1933 film by Elliott Nugent

Three Cornered Moon is a 1933 American pre-Code comedy film directed by Elliott Nugent, written by Ray Harris and S.K. Lauren, and starring Claudette Colbert, Richard Arlen, Mary Boland, and Wallace Ford. Based on a 1933 play by Gertrude Tonkonogy Friedberg, the film reached No. 9 in the National Board of Review Awards top-10 films in 1933. Film critic Leonard Maltin identifies it as one of the "25 Vintage Movies You Really Shouldn't Miss". This film is often mentioned as one of the earliest examples of screwball comedy.

==Plot==
Difficulties overtake a well-to-do family in New York when, due to margin calls, they lose all their money in the Great Depression, but all their problems are resolved magically in the end.

==Cast==
- Claudette Colbert as Elizabeth Rimplegar
- Richard Arlen as Dr.
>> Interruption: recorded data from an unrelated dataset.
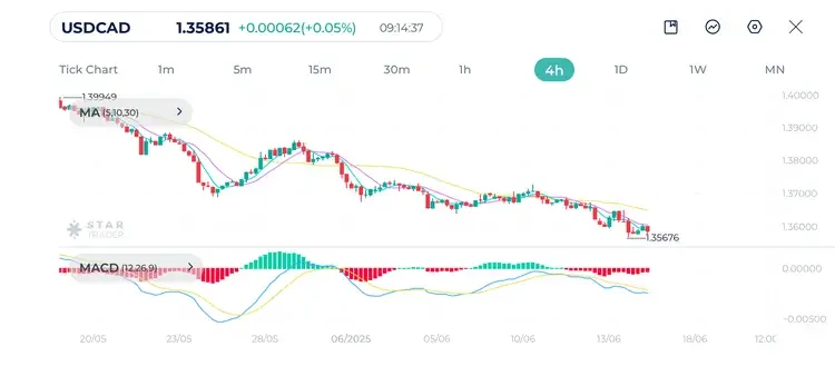 USDCAD is showing a sharp downtrend on the 4H chart as the pair fell to its lowest level since October 2024.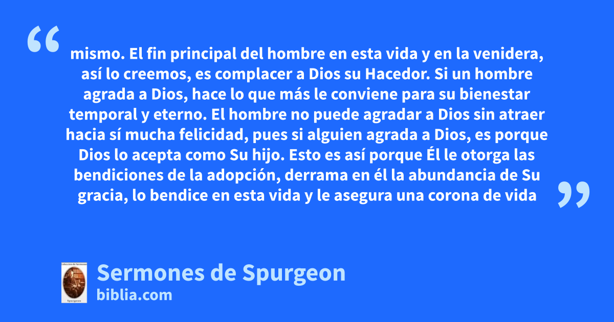 mismo. El fin principal del hombre en esta vida y en la venidera, así lo creemos, es complacer a Dios su Hacedor. Si un hombre agrada a Dios, hace lo que más le conviene para su bienestar temporal y eterno. El hombre no puede agradar a Dios sin atraer hacia sí mucha felicidad, pues si alguien agrada a Dios, es porque Dios lo acepta como Su hijo. Esto es así porque Él le otorga las bendiciones de la adopción, derrama en él la abundancia de Su gracia, lo bendice en esta vida y le asegura una corona de vida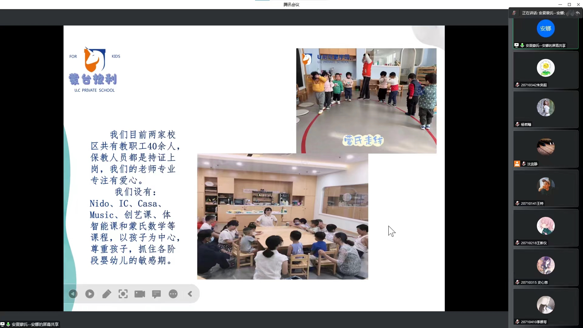 公司HR安娜老师通过腾讯会议介绍了企业概况、公司所在园区的环境、蒙氏教育理念、岗位需求、工资待遇和员工培养计划以及公司未来发展前景等几个方面。该公司以完备的蒙氏环境,秉持“激起生命无限探索欲,感知幸福的能力,趋向独立和智慧的生命,以尊重孩子,抓住各阶段婴幼儿的敏感期,了解自己最终成为自己”的教育理念,深深的吸引了同学们。他们认真听讲、积极参与互动,不明白的现场提问。安娜老师一一解答同学们的疑问,并真诚邀请志同道合的同学来蒙氏实现自己人生价值。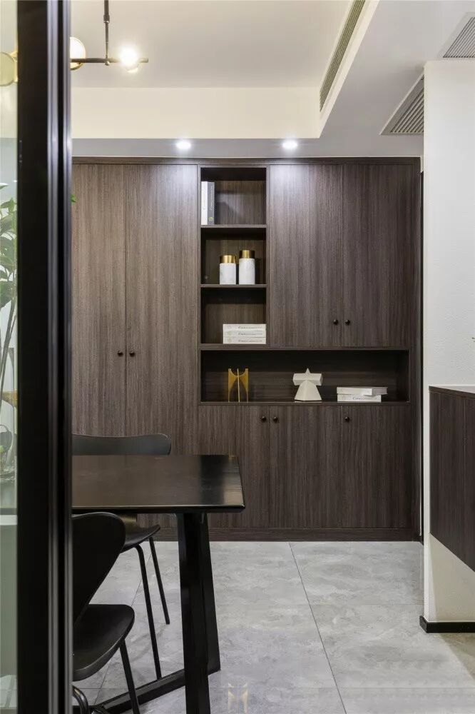 ▲ 餐厅另一边的排柜“有藏有露”,既满足屋主的收纳需求,又起到展示及装饰作用,温润木制在整个黑白空间中也带有“刚中带柔”的寓意。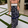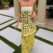 The dress is long and has huge sequins sewn in, another fun detail. Make a statement with our playful and eye-catching mirrored dress. Decorated with hand-stitched sequins, this dress is designed to turn heads at any party or special occasion. Available in pink, black, burgundy, navy blue, and orange.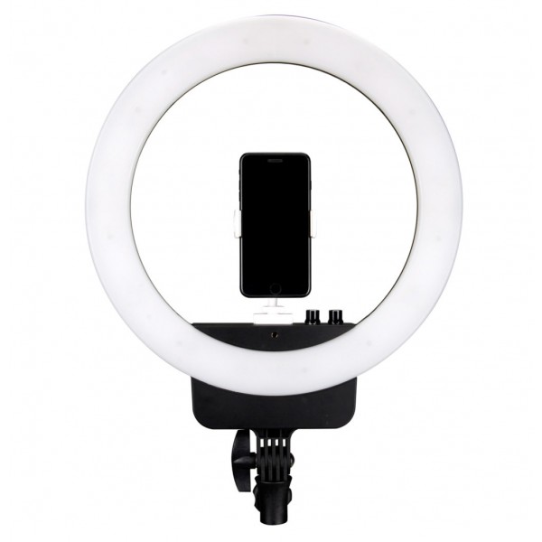 Son ouverture centrale de 30 cm vous permet d'utiliser le support pour smartphone fourni pour un effet soyeux et presque sans ombre, qui sublimera le teint de votre artiste (ou le vôtre).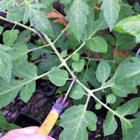 Mijn tomaten staan gelukkig in mijn afdak XL, want al dat water hadden ze niet leuk gevonden en met deze temperaturen loert de schimmelziekte ook. Om dit te voorkomen in de kas, moet je je tomaten snoeien. Tenminste dat doe ik, omdat ze bij mij vrij dicht op elkaar staan en er zo geen ventilatie is. Ventilatie zorgt dat de schimmel dan minder kans krijgt, omdat het eventuele water snel kan opdrogen. Ik knip ongeveer 1/3 van het blad af. Ook de bladeren van planten die elkaar kruizen, krijgen een snoeibeurt. Daarnaast dief ik de stamtomaten en dat zijn bij mij bijna alle soorten. In de oksel van de plant groeit vaak een nieuwe ‘tak’. Deze kun je er gemakkelijk uitbreken. Omdat ik bijna alleen stamtomaten heb, ondersteun ik de tomaten met een tomatenspiraal, maar het kan ook met bamboestokken of touwtjes vanaf boven als je een kas hebt.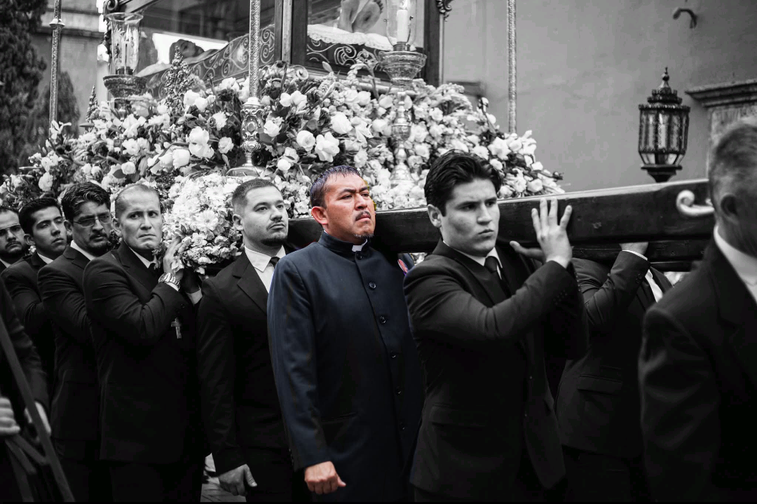 SAN MIGUEL DE ALLENDE, GTO., SÁBADO 04 DE ABRIL 2026.- La 313a procesión del Santo Entierro se realizó el Viernes 03 de Abril con los protocolos ya esperados, pero hubo un detalle que llamó la atención con uno de los sacerdotes con más experiencia y querido por la comunidad del Templo del Oratorio, quien no salió con su capa pluvial sacerdotal de gala bajo el palio de los sacerdotes de esta magna procesión, sino de negro con su cuello clerical cargando farolas y la urna.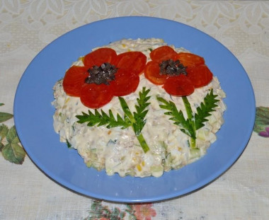 Нижний край салата обсыпьте по всей окружности рубленым укропом. В центре салата сформируйте лепестки маков из кружочков помидоров. В центр каждого цветка установите по маслине. Вокруг маслин посыпьте маком. Из целых веточек укропа сделайте листики. Поставьте салат на 2 часа в холодильник для пропитки. Приятного аппетита!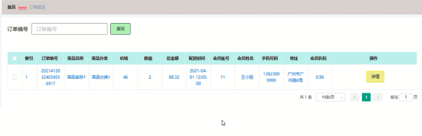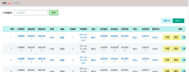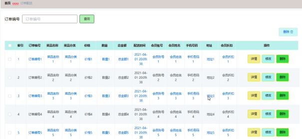 管理员可增删改查订单配送信息,订单配送管理界面展示如图5-14所示。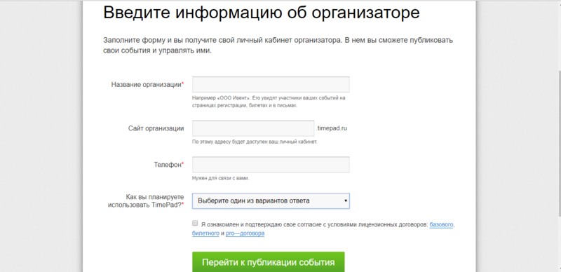 Теперь начинаем создавать свое мероприятие, для этого переходим по вкладке “Создать событие”. В новом окне необходимо будет ввести информацию об вашей организации, чтобы получить свой личный кабинет, откуда вы сможете создавать новые события и управлять ими. Заполняем название организации, сайт и телефонный номер.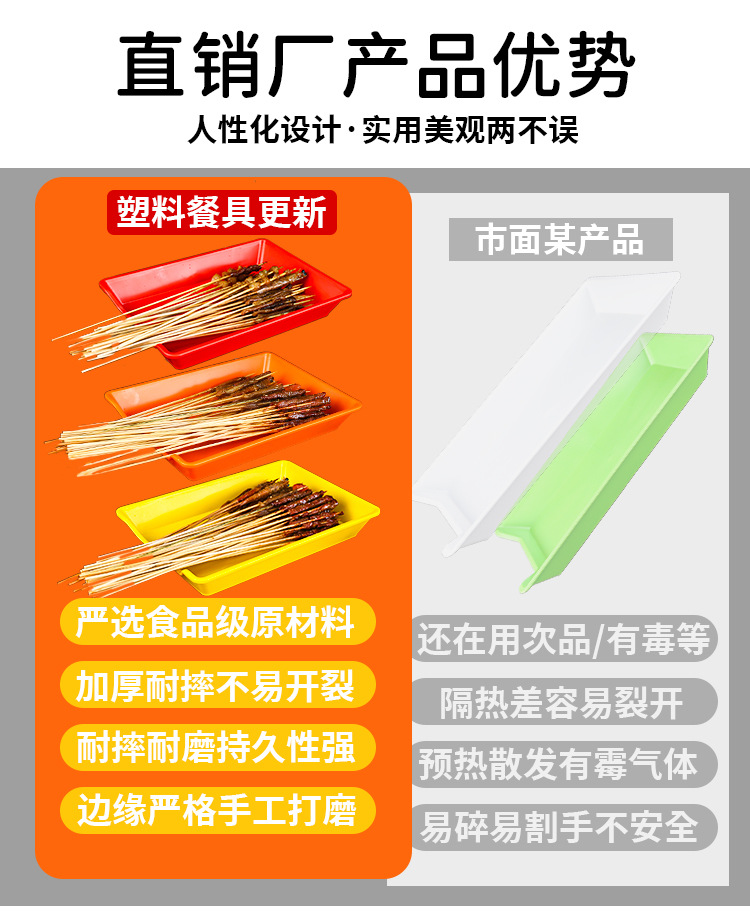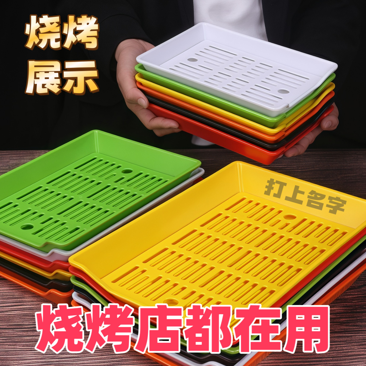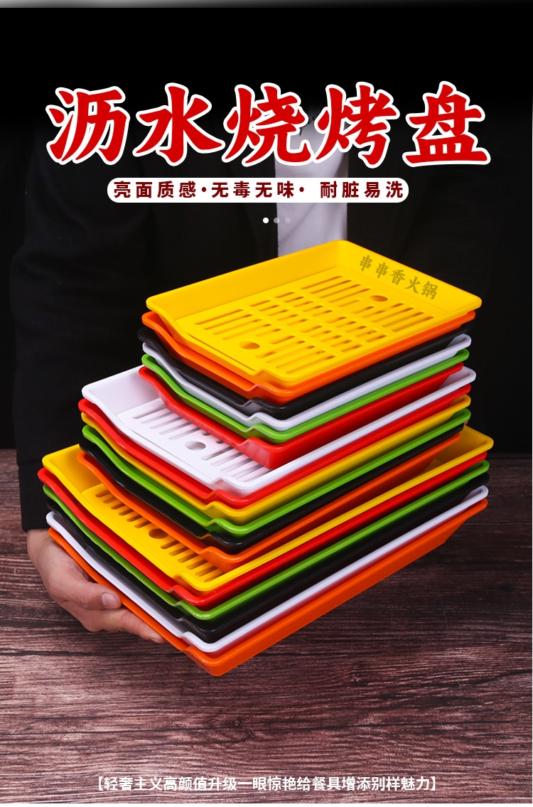 Rectangular Drain Tray Hot Pot String Fragrance Display Plate Barbecue Fried String Dish Plastic Night Market Stall Dish Plate
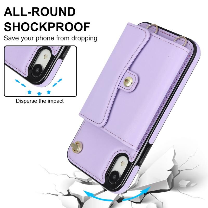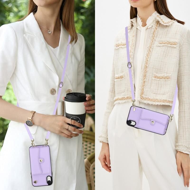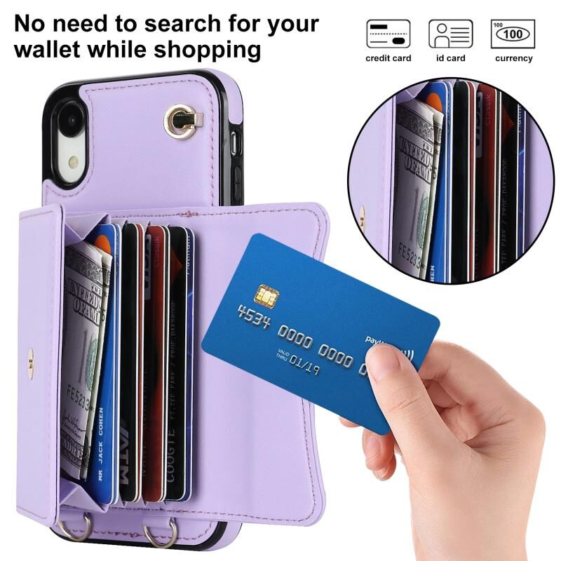 Θήκη τηλεφώνου για iPhone XR με υποδοχή κάρτας RFID και μακρύ κορδόνι (Μαύρο)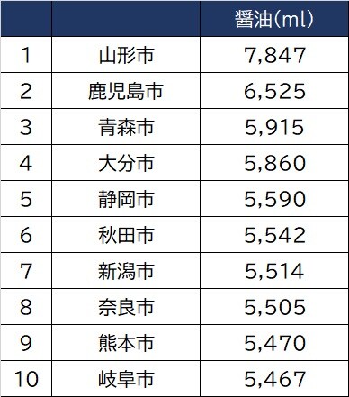 続いて「醤油の購入量」。全国平均は4979mlに対して、最も多いのが「山形市」で7847ml。全国平均の1.6倍ほどです。「青森市」は3位、「秋田市」は6位、「盛岡市」は19位です(図表4)。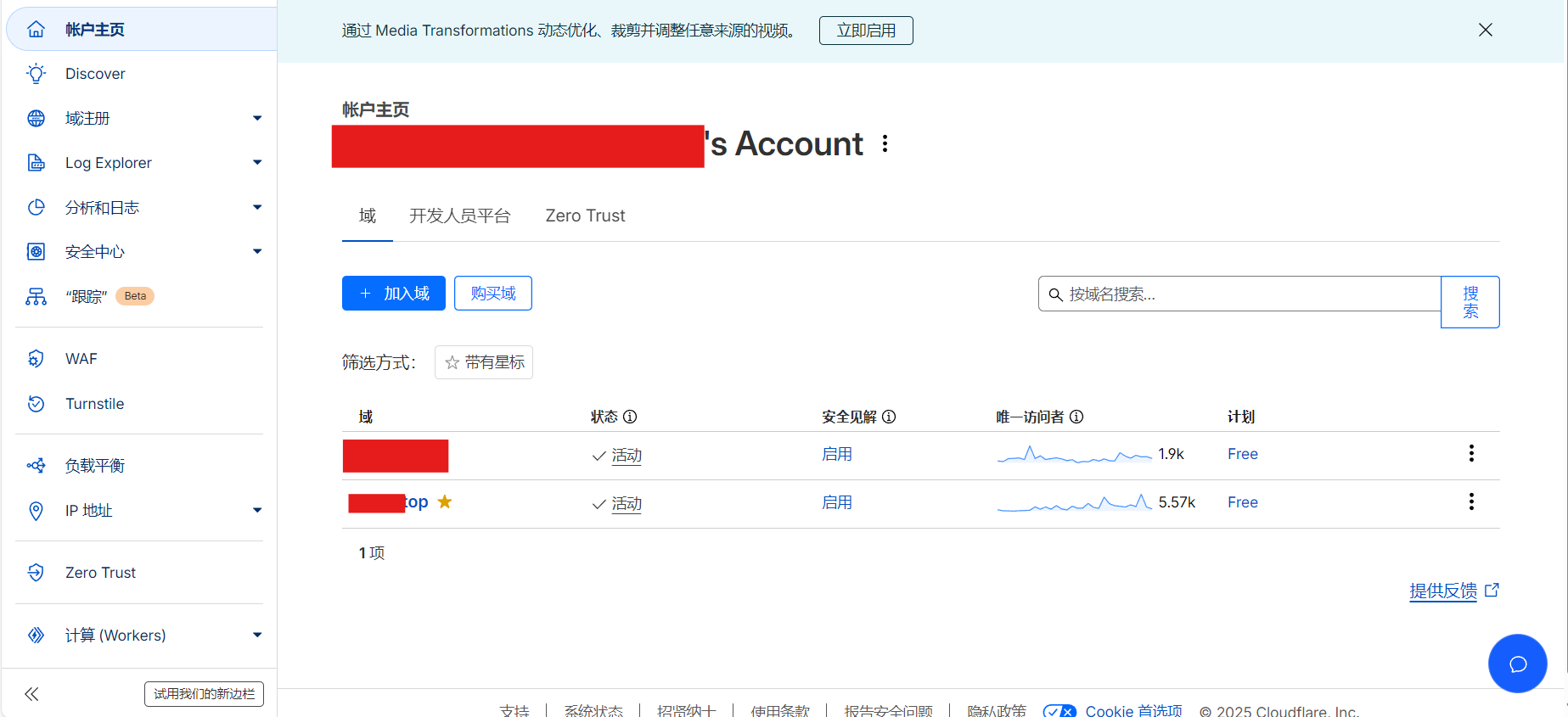 修改完成后等待一段时间(一般为10min-2h不等),就可以看到域名在Cloudflare的控制台中被显示出来。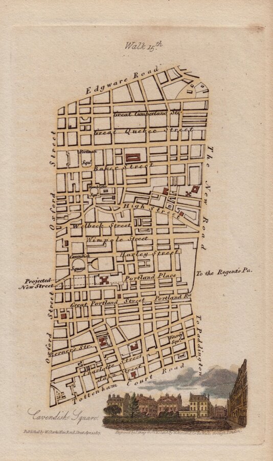 Plan of Marylebone from Edgware Road to Tottenham Court Road and Oxford Street to Marylebone Road. No compass point but North is to the right. Vignette of Cavendish Square (looking North No 11 Cavendish square in the centre).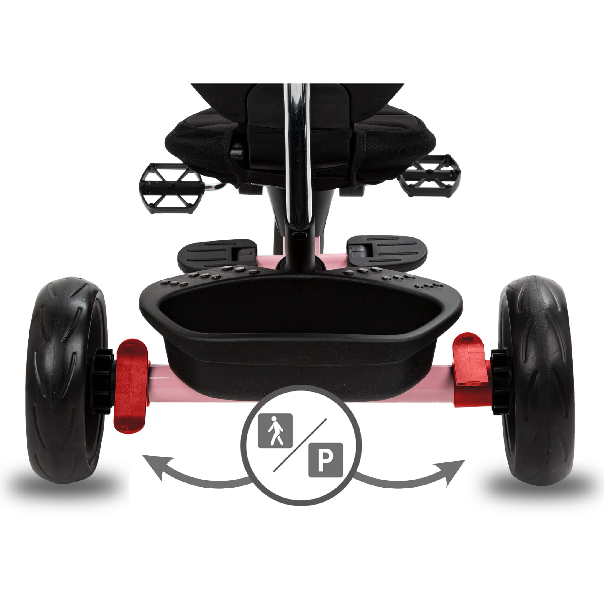 - Batoľa môže ľahko oprieť nohy o rozkladacie, pohodlné, protišmykové podložky a užívať si jazdu
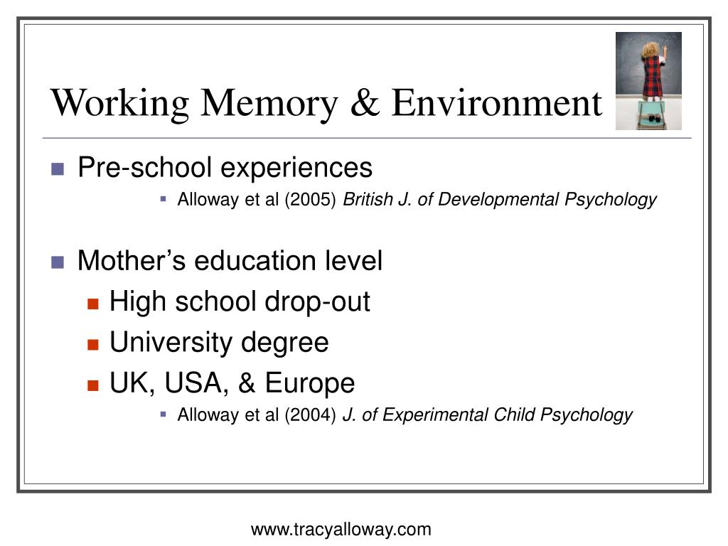 Working Memory & Environment • Pre-school experiences • Alloway et al (2005) British J. of Developmental Psychology • Mother’s education level • High school drop-out • University degree • UK, USA, & Europe • Alloway et al (2004) J. of Experimental Child Psychology www.tracyalloway.com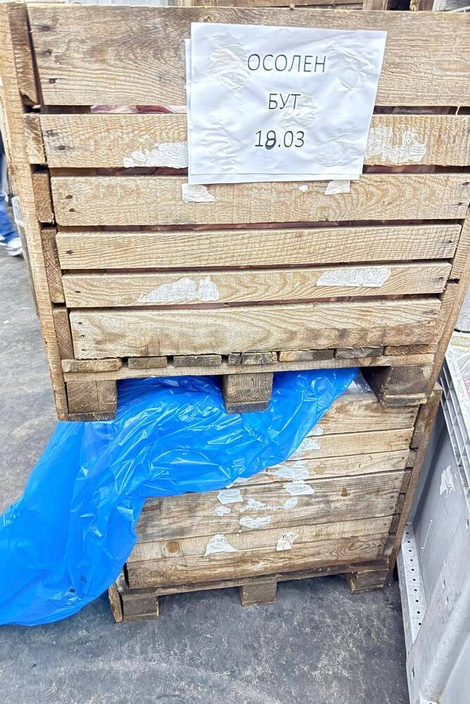 В друг склад са установени над 3 тона осолена сланина, за които не може да се докаже спазване на технологичния процес на обработка, както и 1 тон осолено месо, съхранявано в дървени съдове, които не позволяват ефективно почистване и дезинфекция.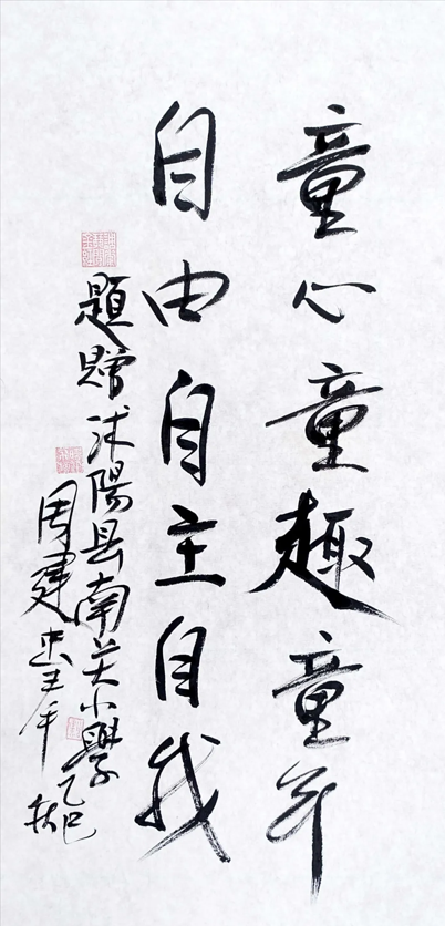 周教授高度肯定了沭阳县南关小学的童文化建设,在研讨活动结束返回南通后,仍饱蘸深情,挥毫泼墨,为南关小学留下两幅珍贵墨宝。这份“会后寄赠”的用心,比当场挥毫更显珍贵——它意味着南关小学的“童文化”不是“一时惊艳”,而是真正触动了教育专家的内心,成为值得被铭记、被传播的教育样本。

Alan Stevens
- Mary Boland as Nellie Rimpleger
- Wallace Ford as Kenneth Rimpleger
- Lyda Roberti as Jenny
- Tom Brown as Eddie Rimplegar
- Joan Marsh as Kitty
- Hardie Albright as Ronald
- William Bakewell as Douglas Rimplegar
- Sam Hardy as Hawkins

==Reception==
Elliott Nugent called the film "a rousing success".